I've just looked up about electric combi boilers, it seems this is what
I would need, assuming it pumps out hot water at a decent rate.

The trade does appear to use the name "electric combi boiler" for what
might be a suitable heating arrangement in your - unusual - situation. I
came across such a thing in a holiday cottage we rented a few weeks ago
(http://www.lindisfarne.org.uk/retreat/index.htm - highly recommended!
;-) As the URL suggests, it's on Lindisfarne, aka Holy Island - off the
Northumberland coast, access via causeway at low tide only. Thuz, no
mains gas; property intermittently occupied by succession of short-stay
visitors who can't be relied to light boilers, change gas bottles, or
any such; alternatives presumably oil (but no front garden and back
garden small, no access from any street!) and electric.

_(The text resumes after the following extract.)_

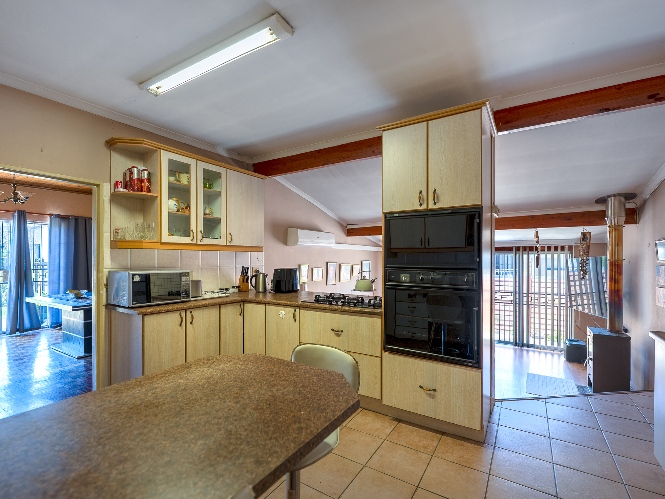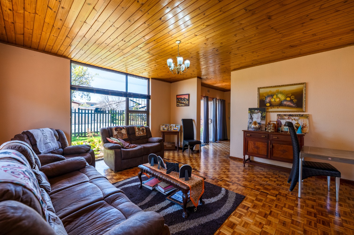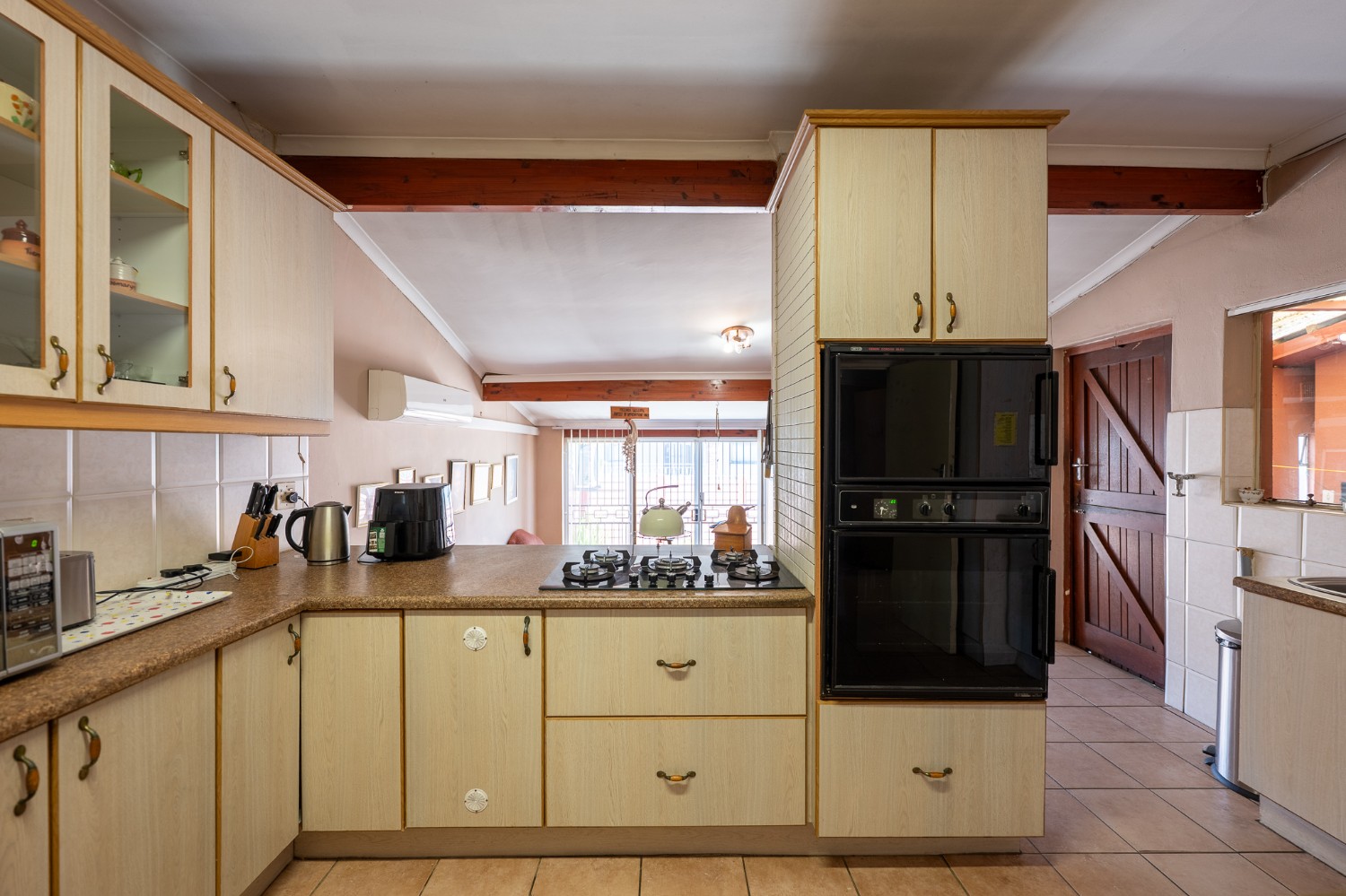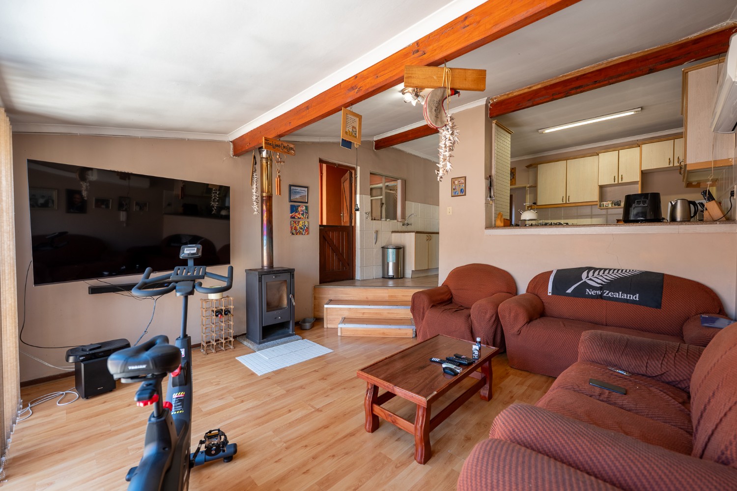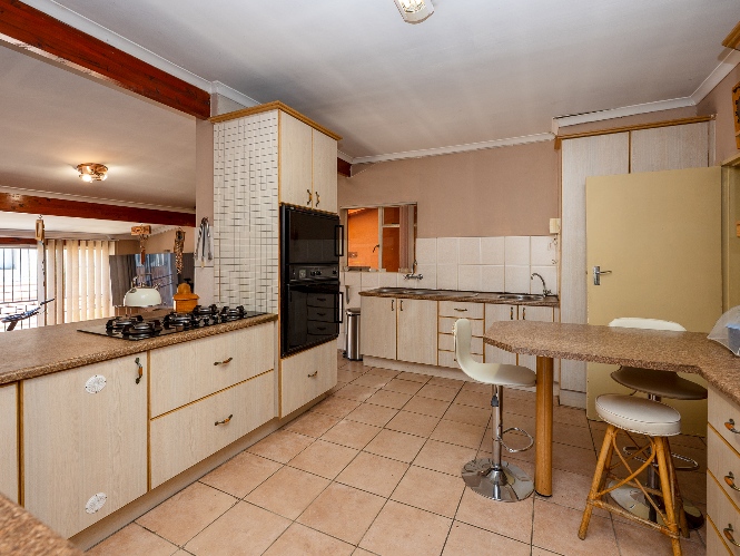 As you step inside, you are welcomed by a warm and inviting lounge with charming wooden ceilings and large windows that allow plenty of natural sunlight to flow in. The dedicated dining room is perfect for family meals and entertaining. The well-appointed kitchen features ample built-in cupboards, an eye-level oven, a gas stovetop, and generous counter space for effortless meal preparation. A separate TV room with a cosy fireplace provides the ideal spot for relaxing evenings, and the indoor braai area makes year-round entertaining an absolute pleasure.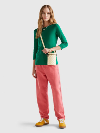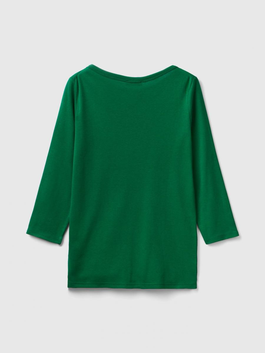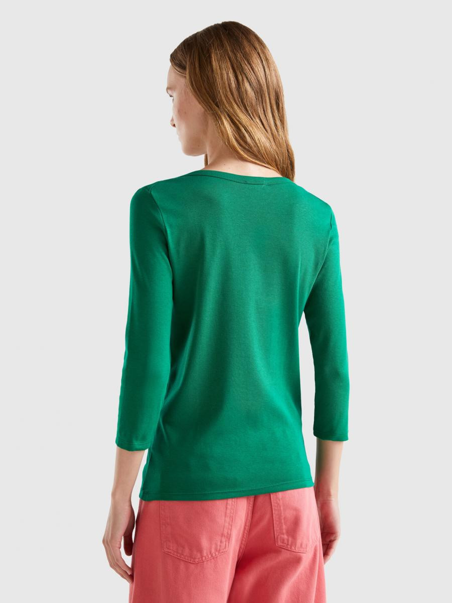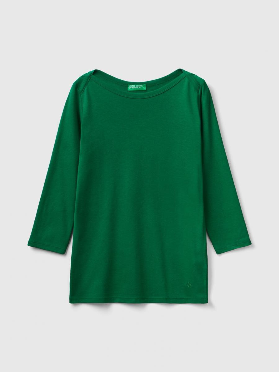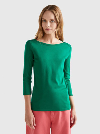 Benetton ženska majica sa čamac izrezom i rukavima 3/4. Jednostavna se nosi, napravljena je od visokokvalitetnog pamuka dugih vlakana koji je udoban i izdržljiv.

So they'd fitted what the mfrs literature called an "electric combi",
though more accurately it'd be an "electrically heated heatbank" -
there's a storage cylinder of (at a glance) 200? litre capacity, which
was heated through a pair of electric elements (use one for summer, both
in winter), time-controller with preference for heating during
cheap-rate night-time but would boost with pricey daytime leccy if
needed (OK for tenants paying multiple-hundreds for a week's stay).
They'd a good programmable stat, whose default setting was more or less
as a frost-stat (5 degs) with an early-morning keep-the-chill-off
period; tenant override by pushing up the setpoint (with resets to 5degs
programmed every 12h, to avoid using up the heat when the place was
empty). HW on direct-mains (unvented) heat-exchanger off the heatbank,
wasn't interested enough to work out whether the CH feed came off a
heat-exchanger or circulated the stored water - but in either case the
CH was very responsive.

With only two bedrooms and a bathroom upstairs, and a largish open-plan
living area downstairs, this arrangement was perfectly adequate to keep
the place toasty-warm on its own - though we dig bring up three
office-moving crates full of wood for the multifuel stove for the
prettiness off it, and in case of powercuts. The tenant instructions
asked us not to fiddle with any of the controls, and so I avoided the
temptation to switch to the 'winter' position (both heating elements). I
believ therefore that the heating (and the bath filling) was done with a
single 6kW element; if one was living there permanently, with more of an
eye on the running costs, I think you'd want to make use of the 'winter'
position to get both elements going in winter, purely to get the bulk of
the energy consumption done on cheaprate. The place was reasonably
insulated - gert thick walls, well-fitting windows - and being terraced
had only the front and rear exposed; but exposed to seriously chilling
winds - this being an island in the North Sea, after all!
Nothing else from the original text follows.